### [THE DATA]
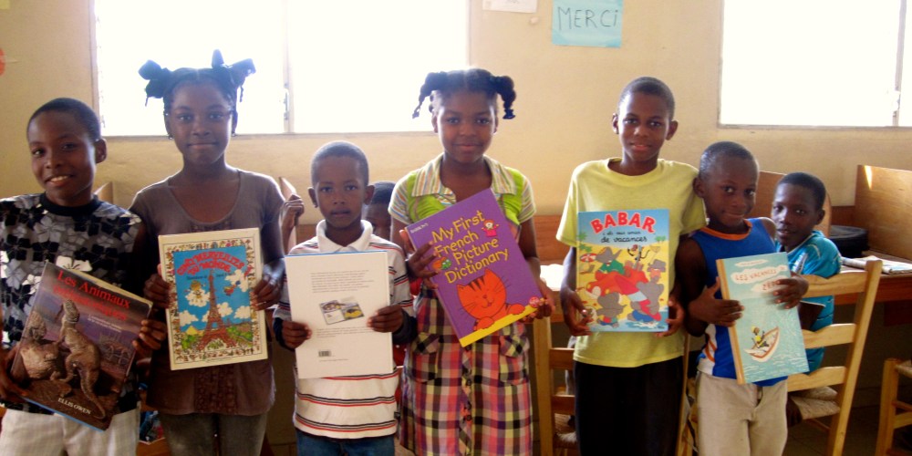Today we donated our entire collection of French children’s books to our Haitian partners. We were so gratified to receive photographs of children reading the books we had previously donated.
--
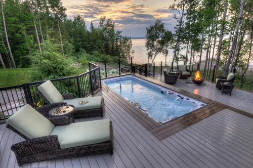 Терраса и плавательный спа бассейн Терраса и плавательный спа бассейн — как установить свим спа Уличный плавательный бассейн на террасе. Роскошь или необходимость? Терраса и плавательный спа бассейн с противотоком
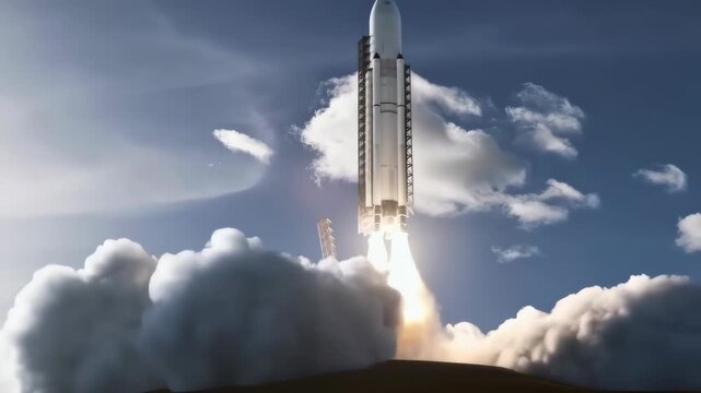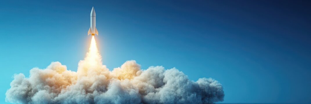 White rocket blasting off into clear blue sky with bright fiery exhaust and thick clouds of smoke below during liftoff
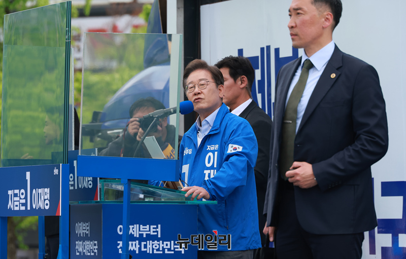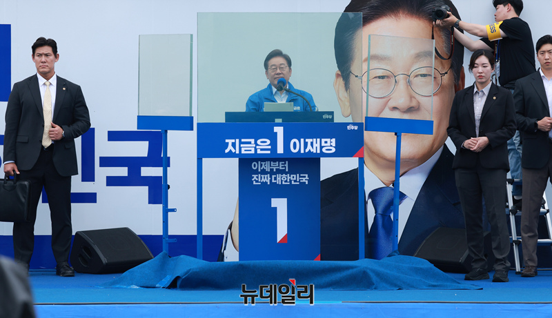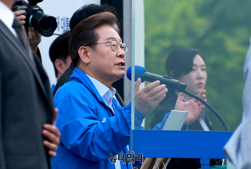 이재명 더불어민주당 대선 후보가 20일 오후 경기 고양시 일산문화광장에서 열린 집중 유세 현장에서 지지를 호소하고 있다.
==
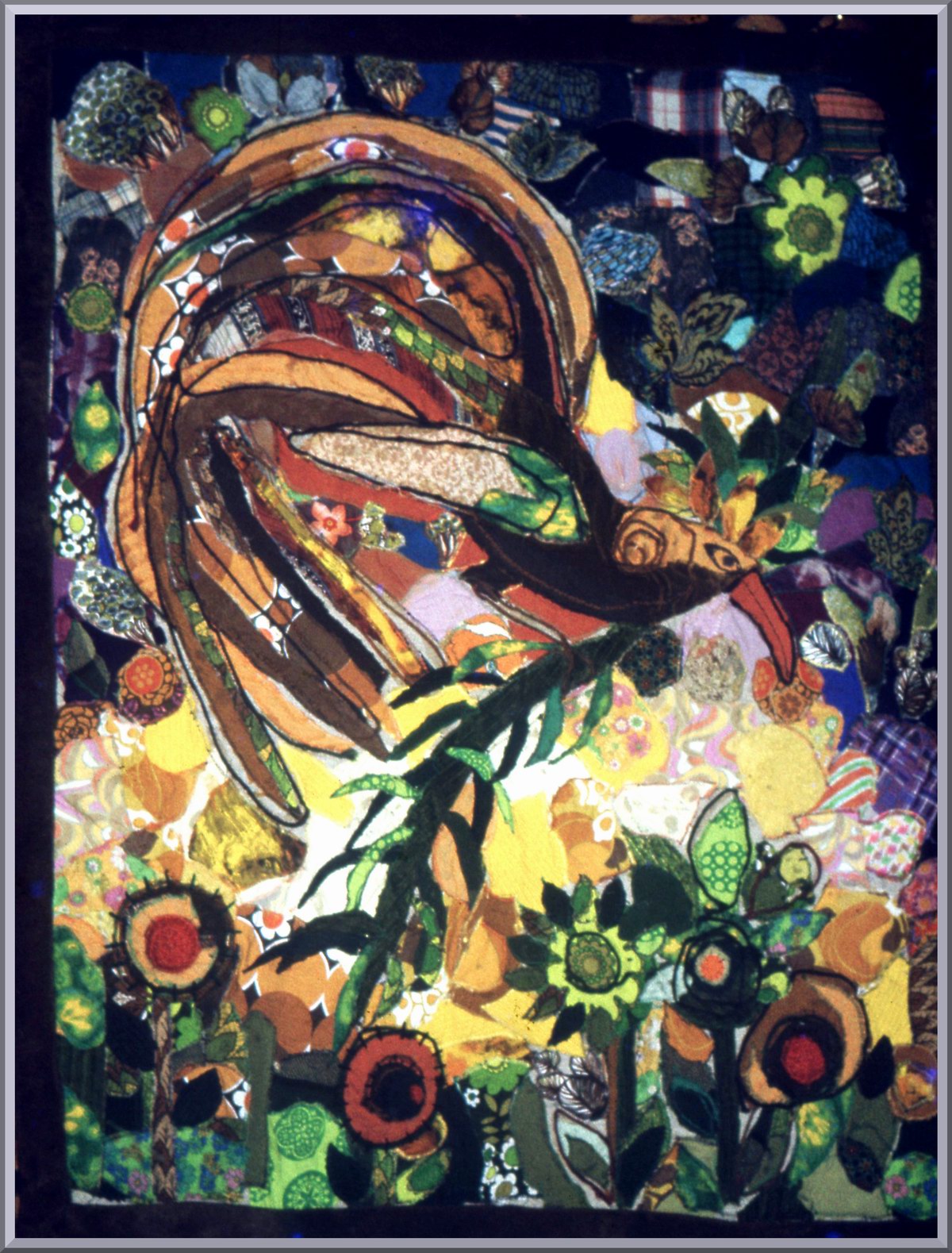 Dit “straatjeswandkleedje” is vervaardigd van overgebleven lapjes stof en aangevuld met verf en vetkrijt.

### [PROBLEM DESCRIPTION]
Retype the lines above exactly as they appear, from the line containing "Терраса и плавательный спа бассейн Терраса" through the line containing "이재명 더불어민주당 대선", and leave out any pictures.

### [RESPONSE BELOW]
 Терраса и плавательный спа бассейн Терраса и плавательный спа бассейн — как установить свим спа Уличный плавательный бассейн на террасе. Роскошь или необходимость? Терраса и плавательный спа бассейн с противотоком
 White rocket blasting off into clear blue sky with bright fiery exhaust and thick clouds of smoke below during liftoff
 이재명 더불어민주당 대선 후보가 20일 오후 경기 고양시 일산문화광장에서 열린 집중 유세 현장에서 지지를 호소하고 있다.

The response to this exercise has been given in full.